## PROBLEM
Every line from the top of the records below through the one containing "Includes: approximately 34" must be copied exactly, and the pictures must not be.

======== RECORDS PROVIDED ========

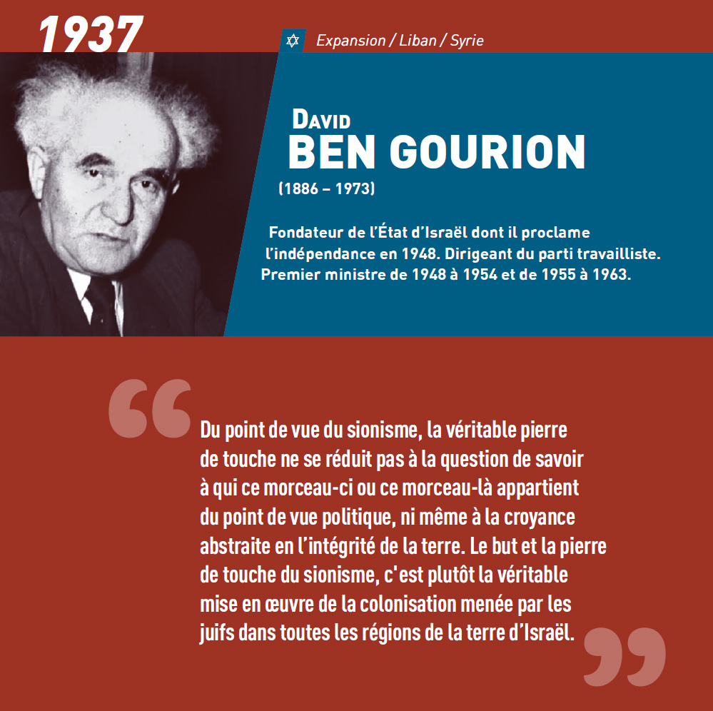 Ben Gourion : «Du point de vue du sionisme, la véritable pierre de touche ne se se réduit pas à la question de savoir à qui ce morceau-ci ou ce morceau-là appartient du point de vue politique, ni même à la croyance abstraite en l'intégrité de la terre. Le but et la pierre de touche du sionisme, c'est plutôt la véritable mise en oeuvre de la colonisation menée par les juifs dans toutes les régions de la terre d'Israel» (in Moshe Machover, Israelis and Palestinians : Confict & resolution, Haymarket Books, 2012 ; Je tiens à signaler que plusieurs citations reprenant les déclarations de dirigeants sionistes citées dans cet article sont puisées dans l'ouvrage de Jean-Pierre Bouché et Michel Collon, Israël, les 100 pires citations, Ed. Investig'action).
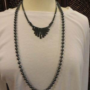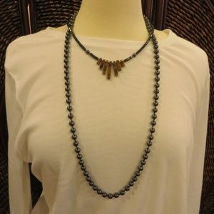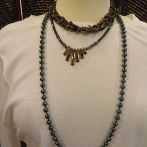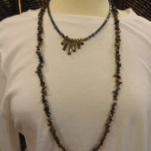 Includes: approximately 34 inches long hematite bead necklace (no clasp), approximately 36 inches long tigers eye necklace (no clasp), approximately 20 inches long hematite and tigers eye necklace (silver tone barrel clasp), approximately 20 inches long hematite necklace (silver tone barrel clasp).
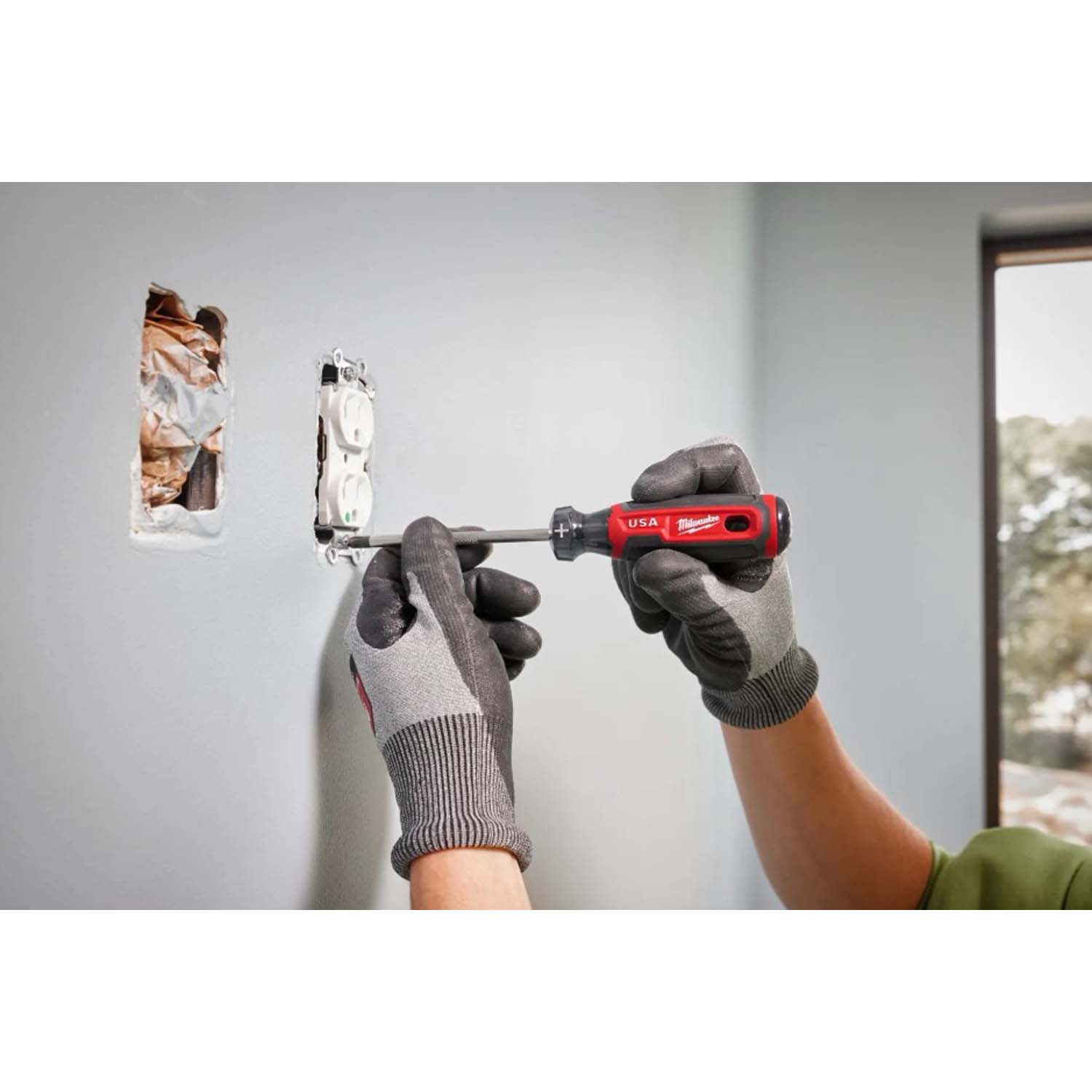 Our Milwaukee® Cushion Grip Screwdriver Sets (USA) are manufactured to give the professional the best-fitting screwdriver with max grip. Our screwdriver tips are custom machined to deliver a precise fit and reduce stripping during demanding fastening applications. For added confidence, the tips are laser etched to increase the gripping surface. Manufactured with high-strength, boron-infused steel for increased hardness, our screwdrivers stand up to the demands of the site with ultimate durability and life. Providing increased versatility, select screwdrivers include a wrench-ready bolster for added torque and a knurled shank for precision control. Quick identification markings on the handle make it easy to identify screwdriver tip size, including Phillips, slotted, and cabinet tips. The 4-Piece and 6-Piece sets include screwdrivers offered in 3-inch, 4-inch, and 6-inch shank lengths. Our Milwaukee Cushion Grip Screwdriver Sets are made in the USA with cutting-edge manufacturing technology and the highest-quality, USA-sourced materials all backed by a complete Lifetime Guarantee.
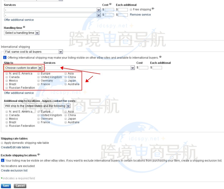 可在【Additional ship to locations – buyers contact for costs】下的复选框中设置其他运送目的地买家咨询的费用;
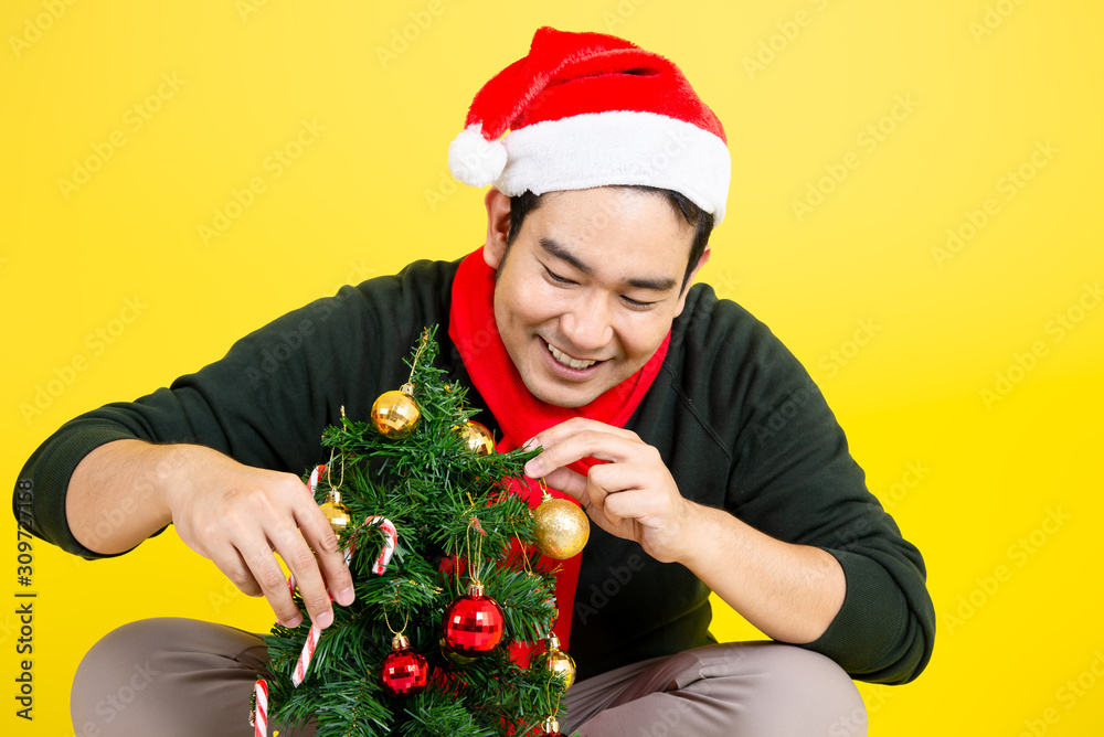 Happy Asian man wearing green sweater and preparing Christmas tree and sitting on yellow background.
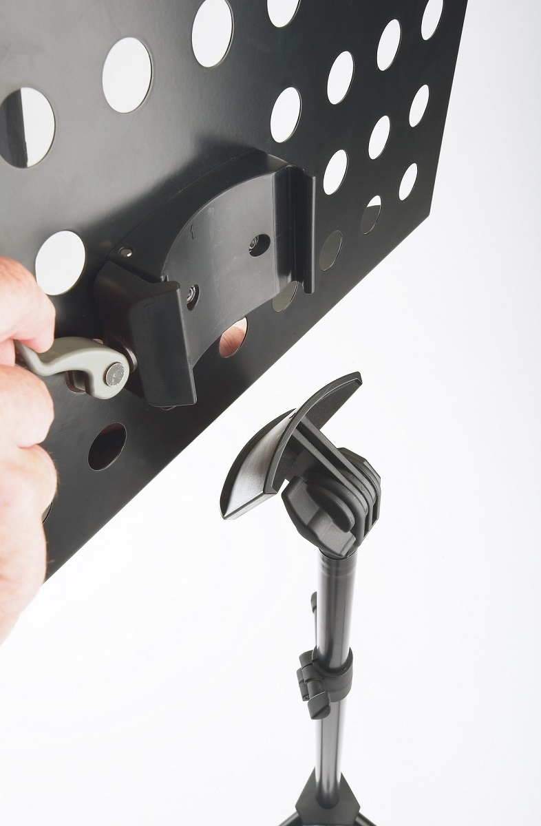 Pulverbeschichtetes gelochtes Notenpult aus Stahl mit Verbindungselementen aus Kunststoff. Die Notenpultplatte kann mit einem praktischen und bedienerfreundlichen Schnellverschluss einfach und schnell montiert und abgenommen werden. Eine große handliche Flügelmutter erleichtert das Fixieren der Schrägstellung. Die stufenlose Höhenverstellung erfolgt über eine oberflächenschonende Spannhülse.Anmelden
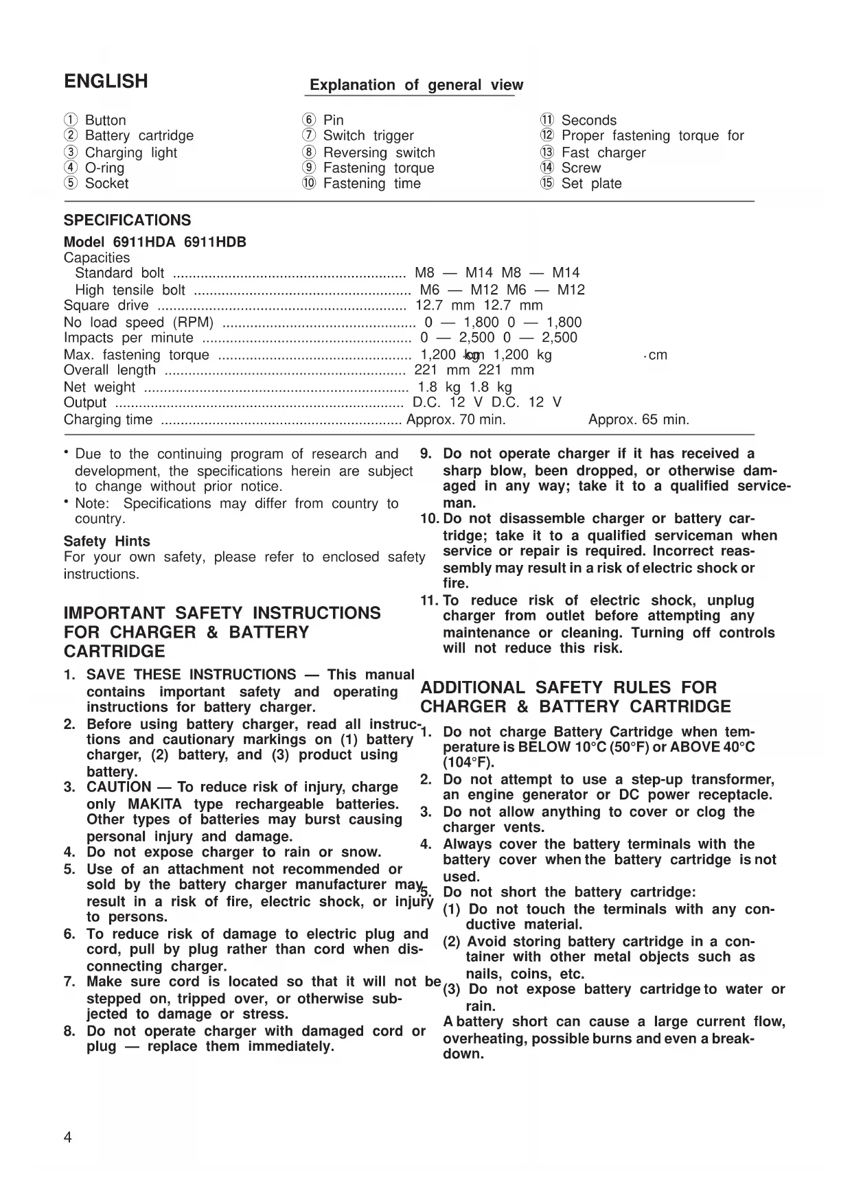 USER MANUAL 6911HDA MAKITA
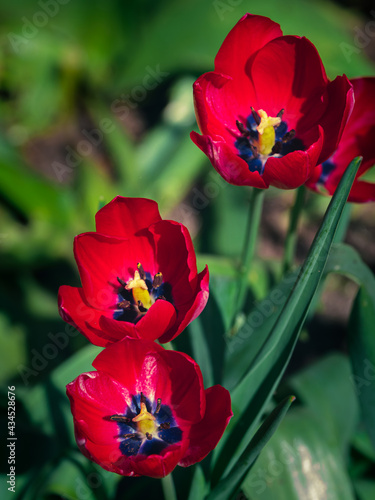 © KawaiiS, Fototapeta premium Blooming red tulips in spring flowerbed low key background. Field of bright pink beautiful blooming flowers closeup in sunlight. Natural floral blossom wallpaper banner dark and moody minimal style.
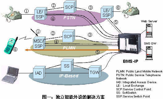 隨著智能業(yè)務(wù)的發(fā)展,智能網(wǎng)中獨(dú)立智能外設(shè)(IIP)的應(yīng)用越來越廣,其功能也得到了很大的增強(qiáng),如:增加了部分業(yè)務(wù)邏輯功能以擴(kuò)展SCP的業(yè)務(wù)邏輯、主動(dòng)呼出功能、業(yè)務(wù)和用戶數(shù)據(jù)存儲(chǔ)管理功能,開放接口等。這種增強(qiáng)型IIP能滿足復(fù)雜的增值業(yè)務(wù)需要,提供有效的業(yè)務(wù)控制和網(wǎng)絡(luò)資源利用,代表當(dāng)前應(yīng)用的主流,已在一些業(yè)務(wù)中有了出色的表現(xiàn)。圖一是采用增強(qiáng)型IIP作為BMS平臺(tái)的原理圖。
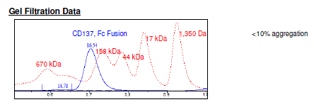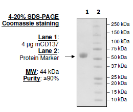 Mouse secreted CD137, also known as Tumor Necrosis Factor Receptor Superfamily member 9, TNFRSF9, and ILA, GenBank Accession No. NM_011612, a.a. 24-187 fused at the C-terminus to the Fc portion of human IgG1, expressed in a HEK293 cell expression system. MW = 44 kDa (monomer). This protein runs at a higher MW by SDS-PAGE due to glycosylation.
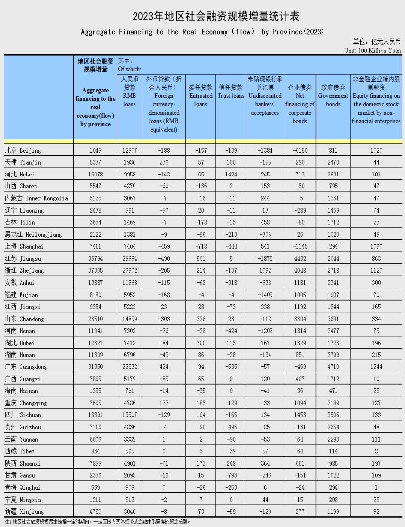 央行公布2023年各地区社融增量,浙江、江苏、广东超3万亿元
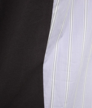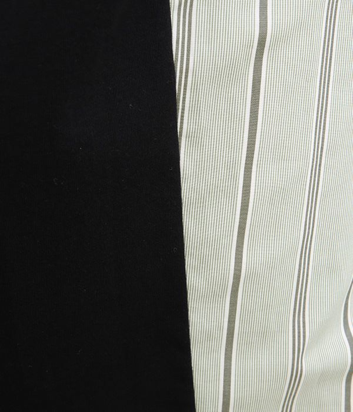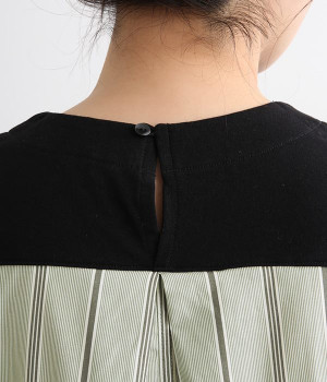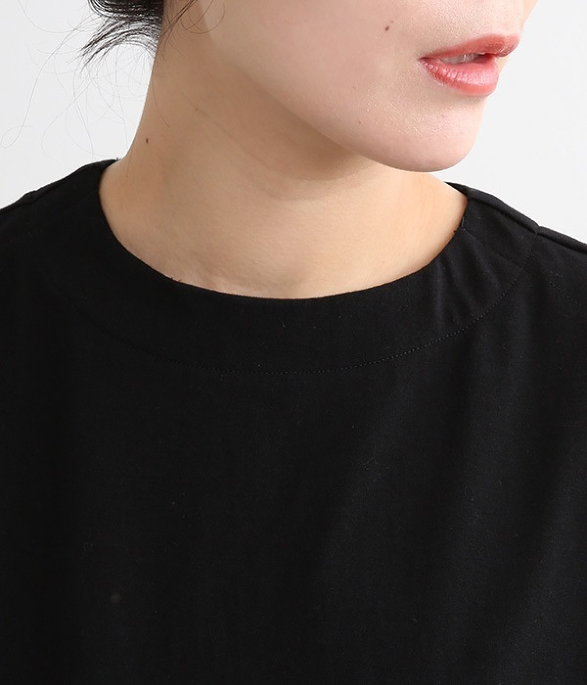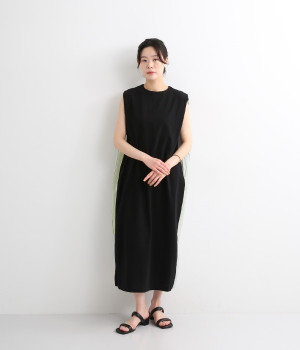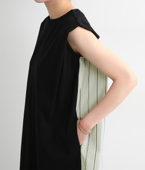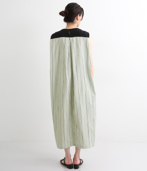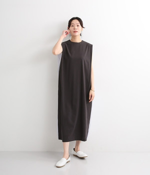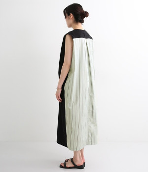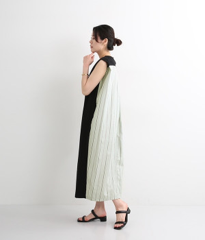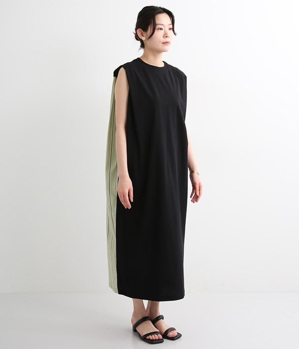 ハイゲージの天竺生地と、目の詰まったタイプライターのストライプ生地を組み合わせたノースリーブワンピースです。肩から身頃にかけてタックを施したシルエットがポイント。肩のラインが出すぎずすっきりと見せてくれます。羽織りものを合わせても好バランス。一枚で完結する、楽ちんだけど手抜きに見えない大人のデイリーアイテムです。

========

## EXPECTED ANSWER
 Ben Gourion : «Du point de vue du sionisme, la véritable pierre de touche ne se se réduit pas à la question de savoir à qui ce morceau-ci ou ce morceau-là appartient du point de vue politique, ni même à la croyance abstraite en l'intégrité de la terre. Le but et la pierre de touche du sionisme, c'est plutôt la véritable mise en oeuvre de la colonisation menée par les juifs dans toutes les régions de la terre d'Israel» (in Moshe Machover, Israelis and Palestinians : Confict & resolution, Haymarket Books, 2012 ; Je tiens à signaler que plusieurs citations reprenant les déclarations de dirigeants sionistes citées dans cet article sont puisées dans l'ouvrage de Jean-Pierre Bouché et Michel Collon, Israël, les 100 pires citations, Ed. Investig'action).
 Includes: approximately 34 inches long hematite bead necklace (no clasp), approximately 36 inches long tigers eye necklace (no clasp), approximately 20 inches long hematite and tigers eye necklace (silver tone barrel clasp), approximately 20 inches long hematite necklace (silver tone barrel clasp).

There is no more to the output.